^You're now talking about certain methods of income redistribution, not really about free markets vs regulated markets. I think these, while related, are completely separate issues. As a direct answer to your question, yes, there is a contradiction, because people cannot value things correctly when they don't have both all the necessary information about the value of things, and adequate skills and knowledge to evaluate that information. The more complex things become, requiring specialized knowledge and skills, the harder it becomes to assess things correctly.

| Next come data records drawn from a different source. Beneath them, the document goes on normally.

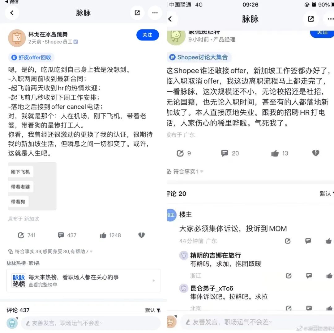脉脉从周五开始被一则帖子引爆:刚下飞机,全家连人带狗都到了新加坡,收到了新公司 offer 取消的消息。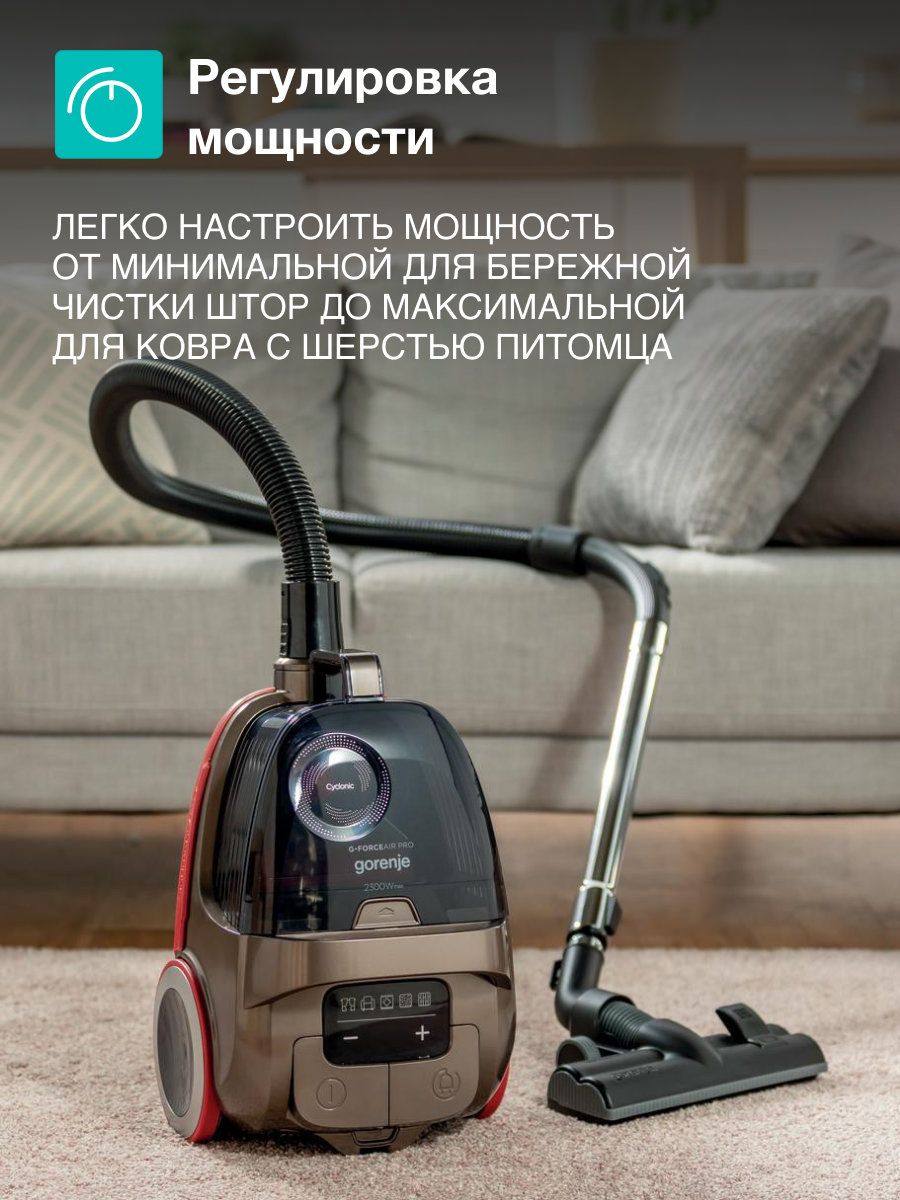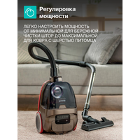 Регулировка мощности выполняется с помощью сенсорного управления на корпусе. В пылесосе предусмотрена автоматическая смотка сетевого шнура.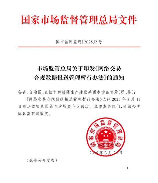 一、市監總局印發《網絡交易合規數據報送管理暫行辦法》:規範電商網絡交易合規數據報送行為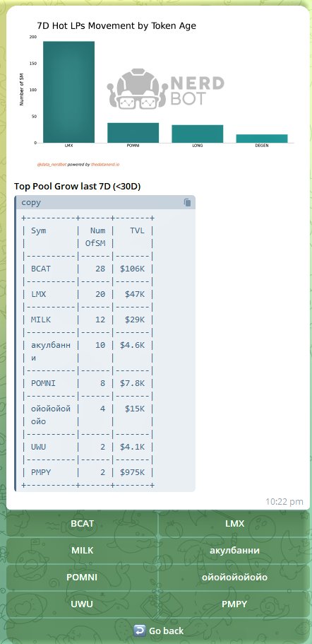 With the Hot Pool function, @0xNerdBot's On-Chain Radar identifies and shows you the Top Growing liquidity pools, and LP shifts giving you the information needed to spot trends and liquidity shifts.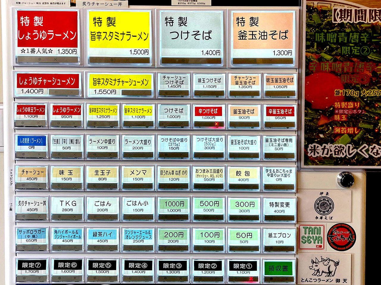 という訳で終了後。自転車で近場。西武新宿線下井草…『Menpeki Ginger Noodles』。店内券売機。先日までの秋刀魚昆布水つけ麺に変わって提供されているつけそば(¥1000)のボタンをポチッとね。セルフのお冷やを用意しカウンター席に。男女店員さんの2人体制。丁寧接客。先客1人、後客続々。気がつけば店内満卓状態。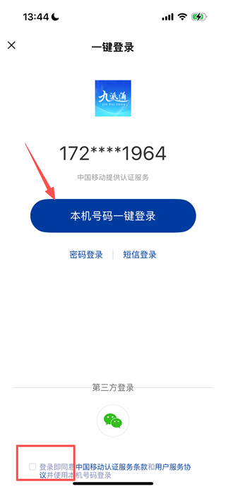 3、在一键登录界面,勾选协议后点击本机号码一键登录按钮完成登录操作。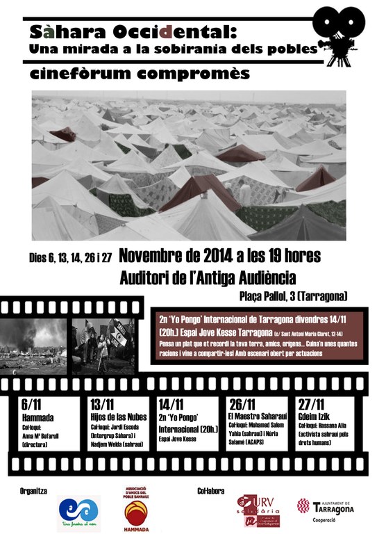 El projecte tarragoní Una Finestra al Món i l’ONGD Hammada organitza el cicle de cinefòrum compromès "Sàhara Occidental: Una mirada a la sobirania dels pobles" que tractarà la problemàtica internacional del Sàhara Occidental. Aquesta proposta comptarà amb el visionat de quatre documentals i es debatrà sobre els diversos aspectes, les causes del conflicte i la situació històrica del poble sahrauí.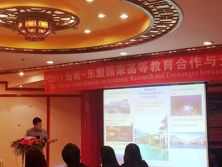 2017年4月26日,海南—东盟国家高等教育合作与交流研讨会在海口召开。来自柬埔寨、印尼、老挝、马来西亚、缅甸、泰国、越南等东盟国家的教育主管部门和高等院校代表以及海南19所院校代表80余人出席。我院副院长欧阳莉、外事处王新龙、旅游系杨戈受邀参加会议。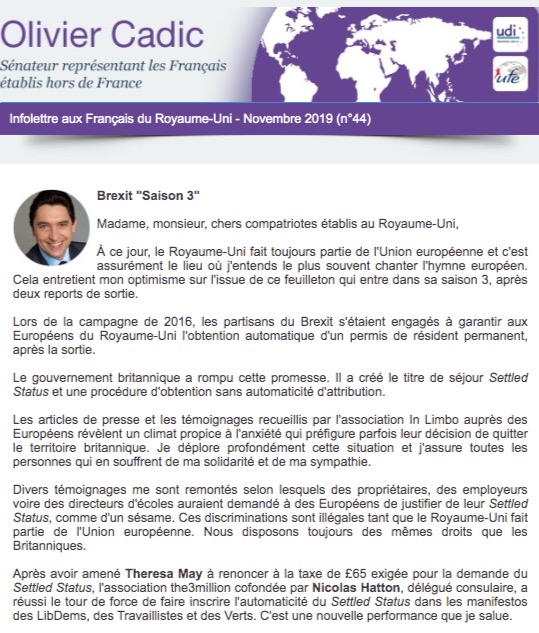 Après avoir amené Theresa May à renoncer à la taxe de £65 exigée pour la demande du Settled Status, l’association the3million cofondée par Nicolas Hatton, délégué consulaire, a réussi le tour de force de faire inscrire l’automaticité du Settled Status dans les manifestos des LibDems, des Travaillistes et des Verts. C’est une nouvelle performance que je salue.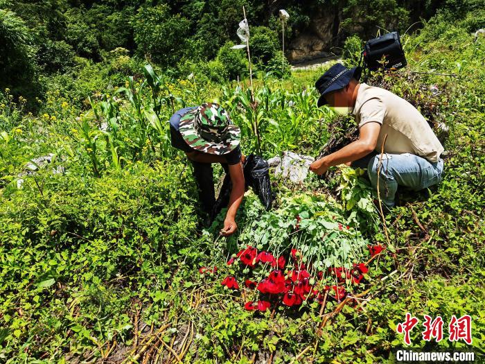 圖為民警鏟除野生罌粟現(xiàn)場?!∪湛t市公安局禁毒支隊供圖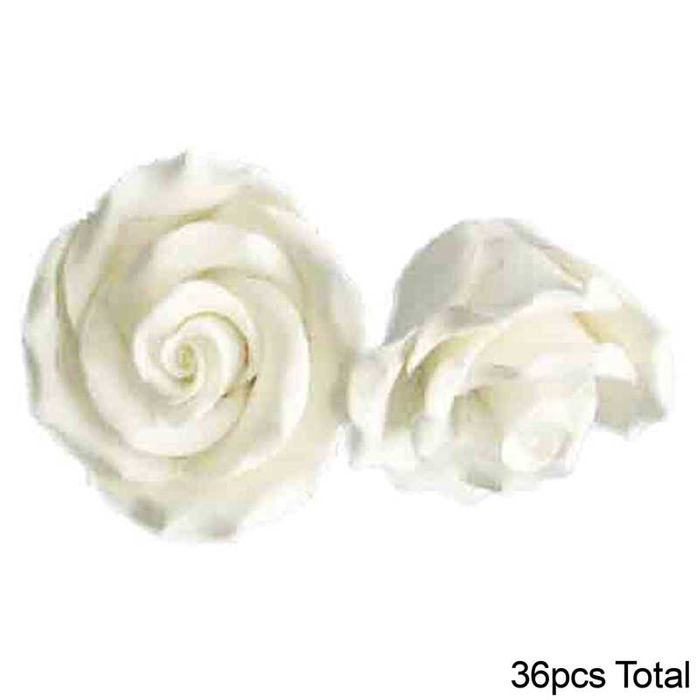 MEDIUM ROSE WHITE SUGAR FLOWERS | BOX OF 36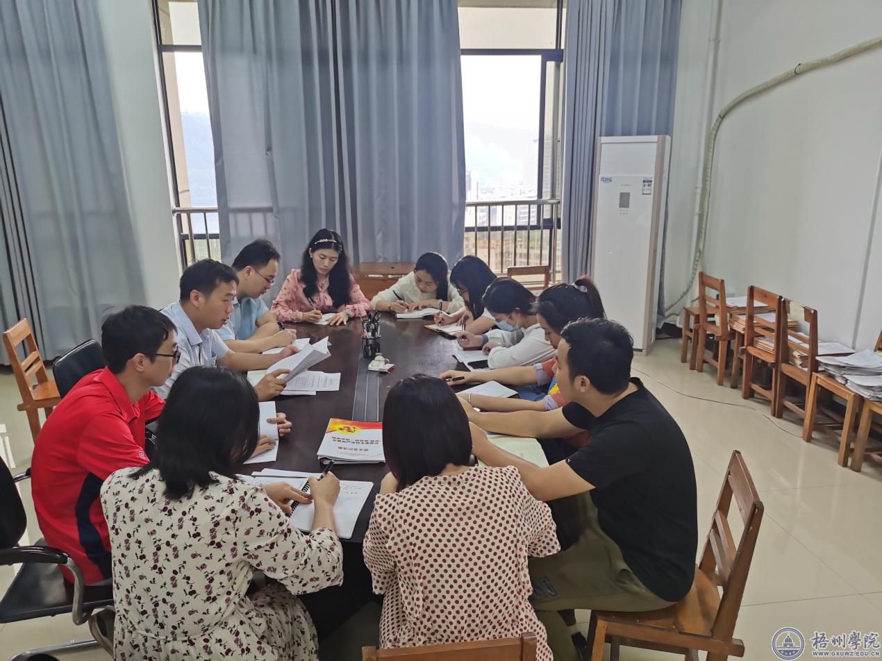 会上,黄焕克领学了《韦仕珍同志、梁业华同志在学校2022年全面从严治党工作暨纪委三届六次全体(扩大)会议上的讲话》和《中共梧州学院委员会 梧州学院清廉学校建设工作方案》并传达了全国、全区2022年教育系统全面从严治党工作视频会议精神。他说道,2022年是党的二十大召开之年,也是我校全力推进“申硕攻坚战”的关键之年,做好全面从严治党工作责任重大、意义重大。他要求各党支部要提高站位,狠抓落实,充分发挥政治核心作用;要立足实际,强化建设,有力发挥战斗堡垒作用;广大党员干部要率先垂范,以身作则,充分发挥先锋模范作用,共同推进学院全面从严治党暨“清廉校园”建设。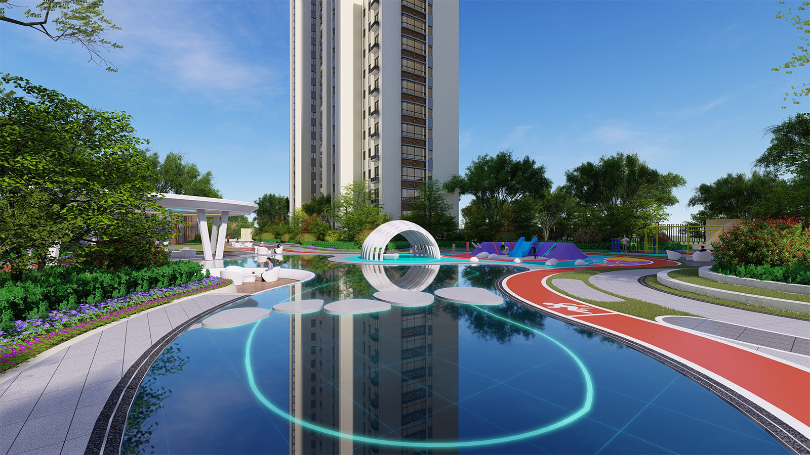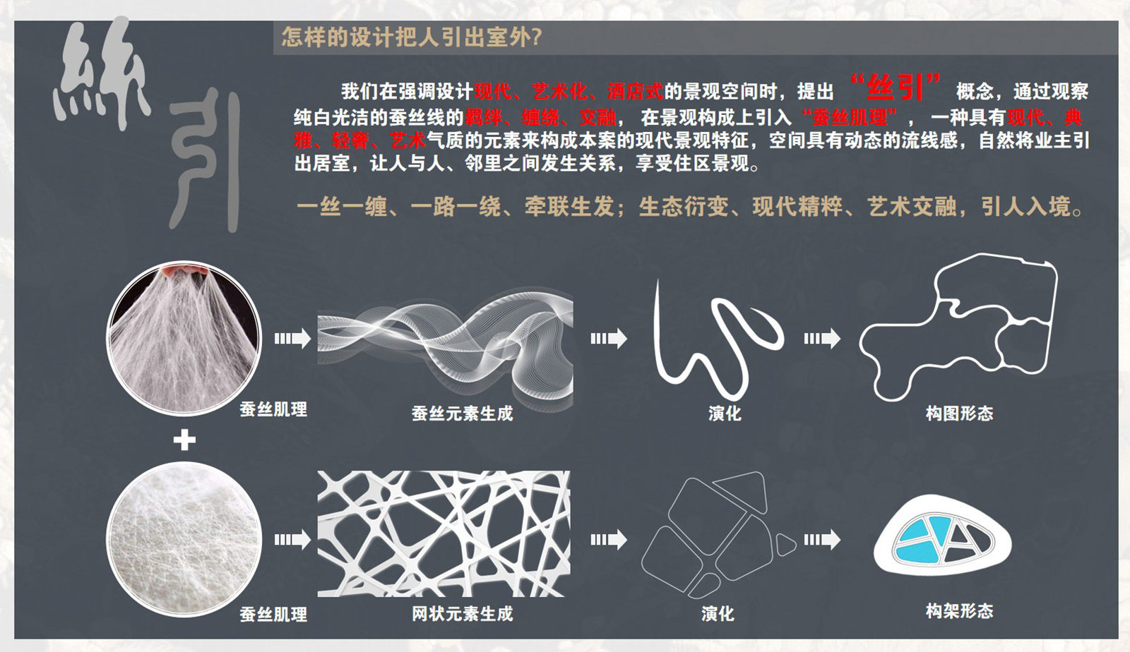 以環(huán)繞式的設(shè)計(jì)手法,梳理鏡面水系脈絡(luò),多層絲纏繞、絞合、牽連,往復(fù)不斷,讓觀者在社區(qū)中感受心靈的溫養(yǎng),
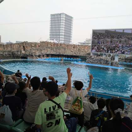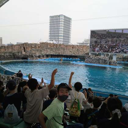 待ち時間に大画面に写って大喜びです。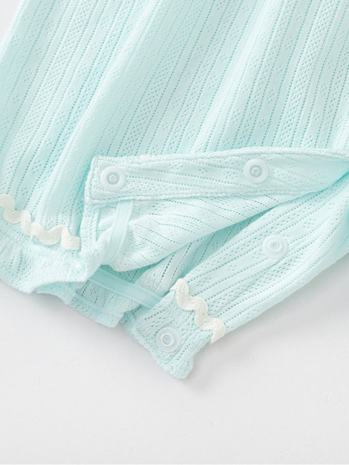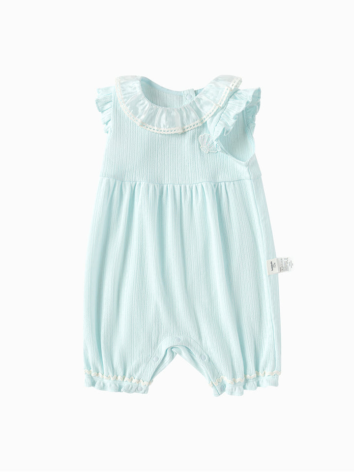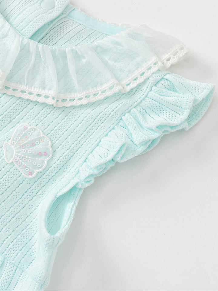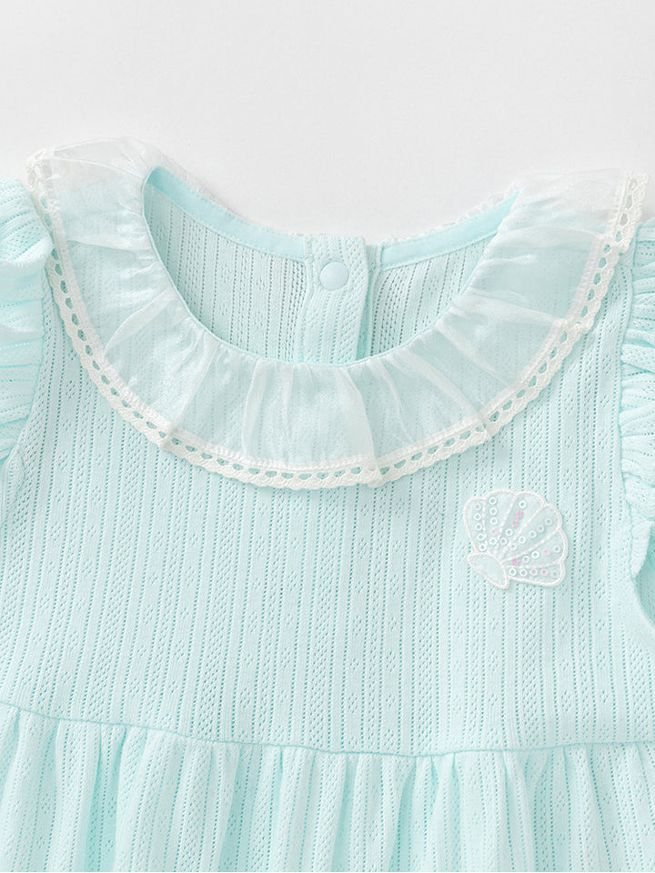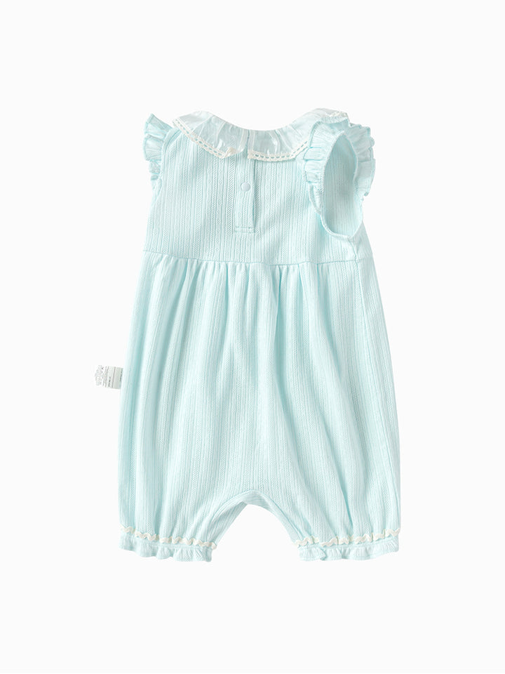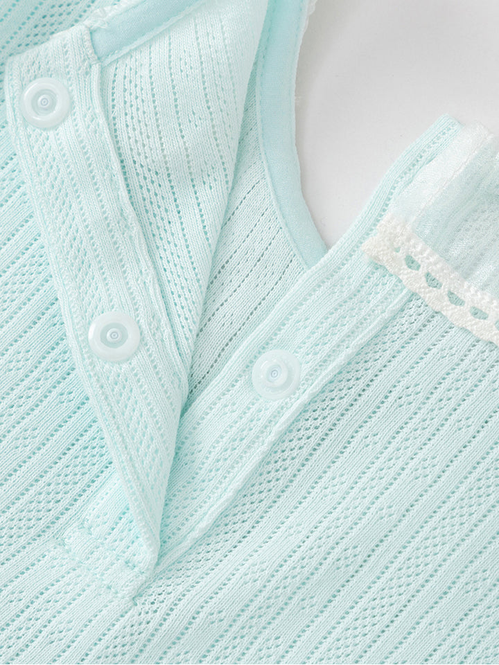 أفرهول بيبي بناتي بدون أكمام، مزين بخامة نسيج منقوشة وتفاصيل رقعة صغيرة على الصدر من الجهة الأمامية، يأتي بأزرار كبس للإغلاق من الجهة الخلفية وبياقة مدورة الشكل

Government is a company, just like any other, although it happens to be (in theory) owned by everyone, and it has the capability to rewrite the rules of the game. The rules that govern this company, its managers and employees, do not differ, in principle, from those that govern private limited companies, unless the rules are changed to either favor or handicap one or the other. Agree? So just like for the employees of the private company, there needs to be controls in place to make sure the worker does his job properly, regardless of his/her self-interests, and whether they're working for a public or private organization. Working for a company does not equate just dealing with your own cash and personal direct responsibility, the checks needs to be in place in both cases. Actually I'd even go as far to say, having worked both for the private and public sector, that in a public sector job I'm MORE inclined to do what's good for the general population, since it IS my tax money I'm dealing with, whereas in a private company I am less concerned about the future of the company, since if it does go under, another one will replace it and most people won't even notice. Operating a one man shop or acting as a major shareholder in a corporation are special cases.